Description of problem: the new kernel strips the coredump when the is a pipe in core_pattern Version-Release number of selected component (if applicable): 2.6.33 How reproducible: 100% Steps to Reproduce: 1. install a simple hook to core_pattern 2. set core_pipe_limit to != 0 (I use 4) 3. kill some app with SEGV 4. the hook is invoked, but the saved coredump has 0 size Actual results: empty coredump Expected results: non-empty coredump Additional info: I'm in the middle of testing various kernel's version(+patches) will post the results in a while to help narrowing this down.

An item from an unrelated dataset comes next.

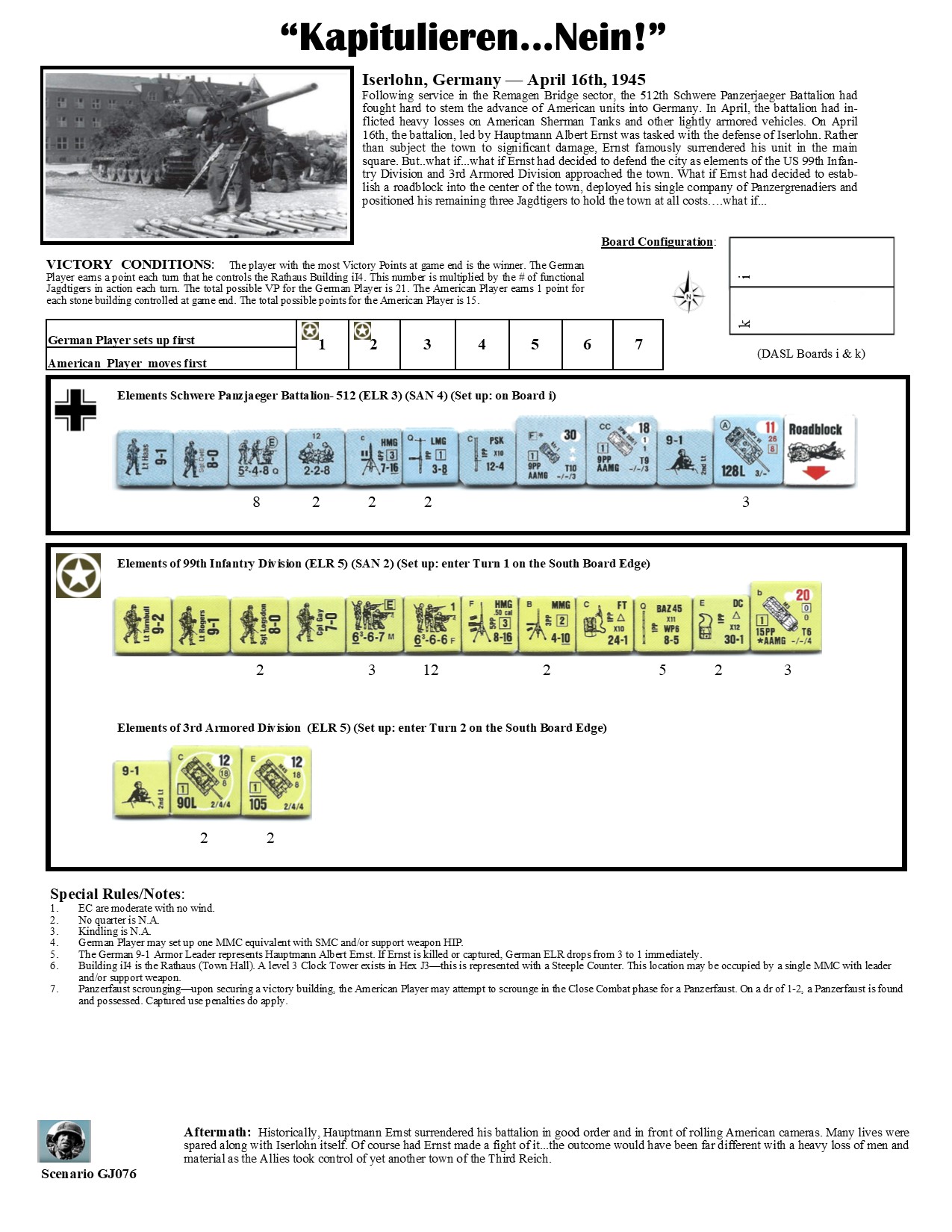 Following service in the Remagen Bridge sector, the 512th Schwere Panzerjaeger Battalion had fought hard to stem the advance of American units into Germany. In April, the battalion had inflicted heavy losses on American Sherman Tanks and other lightly armored vehicles. On April 16th, the battalion, led by Hauptmann Albert Ernst was tasked with the defense of Iserlohn. Rather than subject the town to significant damage, Ernst famously surrendered his unit in the main square. But..what if...what if Ernst had decided to defend the city as elements of the US 99th Infantry Division and 3rd Armored Division approached the town. What if Ernst had decided to establish a roadblock into the center of the town, deployed his single company of Panzergrenadiers and positioned his remaining three Jagdtigers to hold the town at all costs….what if..Attacker: American (99th Infantry Division with 3rd Armor Division)

My test results: packages were taken from Fedora cvs, built in koji(.32 in brew). == 2.6.32 - without umh-refactor patch: == $ cat /proc/sys/kernel/core_pipe_limit 4 $ cat /proc/sys/kernel/core_pattern |/usr/libexec/abrt-hook-ccpp /var/cache/abrt %p %s %u %c result: hook was able to write the coredump == 2.6.32-with the patch == $ cat /proc/sys/kernel/core_pipe_limit 4 $ cat /proc/sys/kernel/core_pattern |/usr/libexec/abrt-hook-ccpp /var/cache/abrt %p %s %u %c - no coredump gets to helper - setting ulimit -c doesn't help == kernel-2.6.33-0.47.rc8.git1 == 0 size coredump, ulimit -c doesn't help == kernel-2.6.33-0.47.rc8.git1 without-umh-refactor == works fine when ulimit -c is set
Adding to the F13Alpha blocker list for review at the next blocker review meeting. Jiri noted on IRC that this affects only C/C++ program failures. Python and kerneloops failures will still be caught. The Alpha release criteria [1] do not explicitly call out that ABRT must be able to capture and report failures to Bugzilla, but a similar criteria exists for the installer. [1] https://fedoraproject.org/wiki/Fedora_13_Alpha_Release_Criteria
I'm pretty sure this was introduced w/ andi kleens work that I sucekd in with that uhm-refactor. I just tried it on the latest -mm and get the same results.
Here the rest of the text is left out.